En cumplimiento de lo dispuesto en el artículo 4 de
la Ley No. 6815 de 27 de setiembre de 1982 y sus reformas, se aporta el
criterio de la asesoría jurídica institucional, materializado en el oficio No. MO-A-AJ-0126-2019, de fecha 14 de agosto de 2019,
según el cual, quien reciba indemnización por concepto de cesantía y ocupe
nuevamente un cargo remunerado en alguna dependencia del Estado, estaría
obligado a reintegrar lo percibido por aquél concepto. El no reintegro de
dichas sumas constituiría una enriquecimiento sin causa, así como un vicio
grave por el que se podría anular su nombramiento, por infringir el impedimento
de reingreso legalmente previsto. Por último, en caso de no reintegro de la
cesantía, admite la posibilidad de deducir o compensar dichas sumas de las
nuevas prestaciones que acumule en la nueva relación de empleo.
I.
Doctrina administrativa.
El tema aludido en la presente
consulta involucra directamente la aplicación de la norma legal que, con
innegable vocación de generalidad y con sus excepciones, establece el
denominado impedimento legal relativo [1]

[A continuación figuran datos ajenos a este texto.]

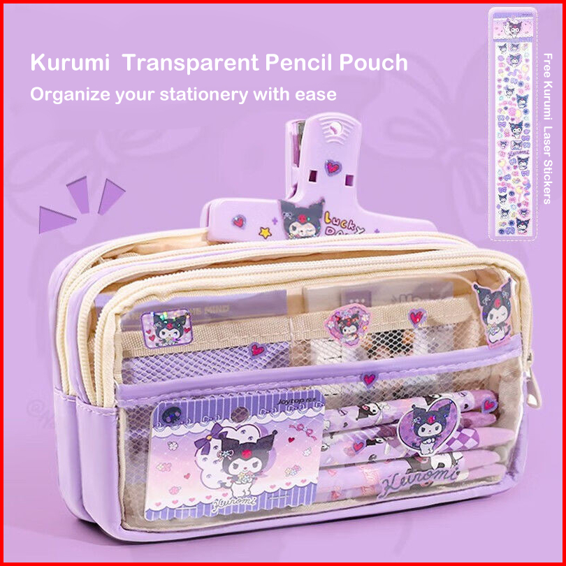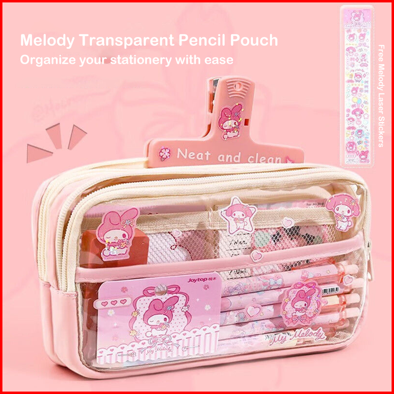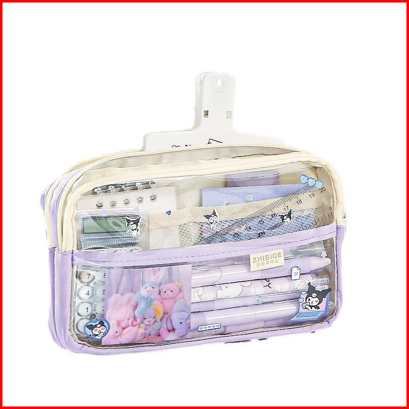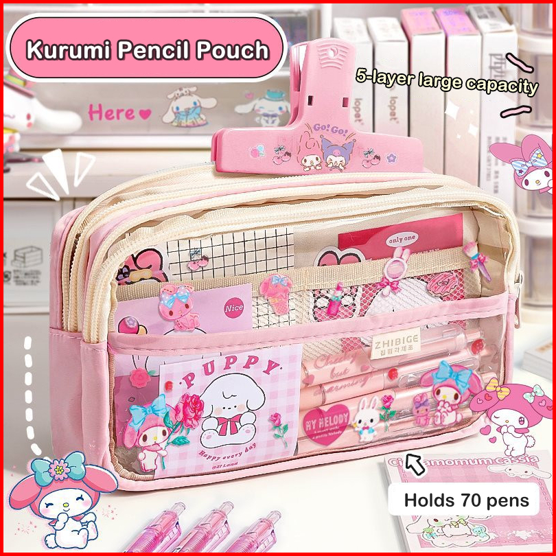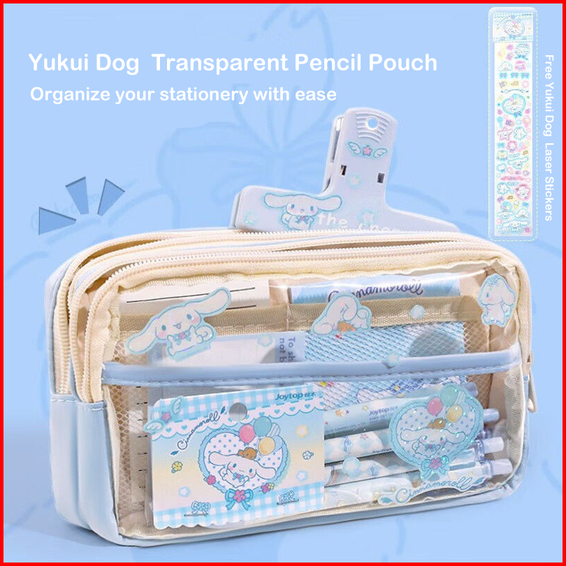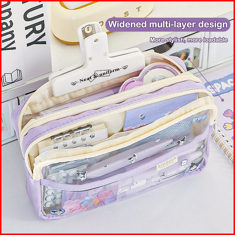 Kotak Pensil Transparan Aesthetic Pencil Case Large Tempat Pensil Pen Pouch Lucu Stationery Organizer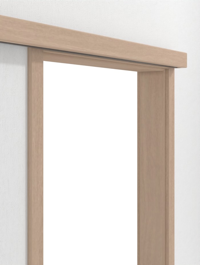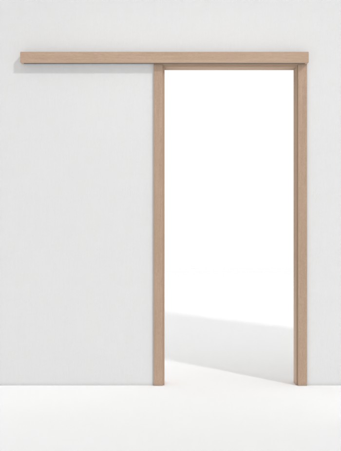 Wytrzymały system drzwi przesuwnych w jasnej sosnie od firmy Westag, przeznaczony do jednoskrzydłowych drzwi przesuwnych, biegnący przed ścianą:

de reingreso en cargos remunerados de cualquier dependencia del Estado, para
aquellos servidores públicos que hubiesen recibido el auxilio de cesantía
(Dictámenes C-050-2019, de 22 de febrero de 2019 y C-158-2019, de 07 de junio
de 2019); el cual ha sido ampliamente abordado por nuestra jurisprudencia
administrativa y que anterior a la Reforma Procesal Laboral –Ley Nº 9343-, estaba expresamente
referida a la norma contenida originalmente en el ordinal 579 del Código de
Trabajo; posteriormente convertida en el ordinal 586 inciso b), hoy 686 de ese
mismo cuerpo legal. Por la precisión de aquellos preceptos y la unívoca
interpretación que de ellos hemos efectuado, estimamos innecesario ahondar en
vastas exposiciones al respecto, más que no existen elementos de juicio que nos
inclinen a cambiar nuestra posición al respecto. Será suficiente entonces,
extraer de esa doctrina administrativa algunos corolarios de interés para
abordar, de algún modo, la puntual respuesta a sus interrogantes, sin que pueda derivarse entonces un
pronunciamiento particular y vinculante, en relación con la situación jurídico
administrativa concreta y específica que pueda subyacer en su consulta.
Desde ya advertimos que obviaremos
referirnos en concreto, y en orden cronológico, a cada una de las interrogantes
formuladas; esto en aras de lograr una mejor y coherente argumentación en
nuestras consideraciones jurídicas sobre los temas en consulta.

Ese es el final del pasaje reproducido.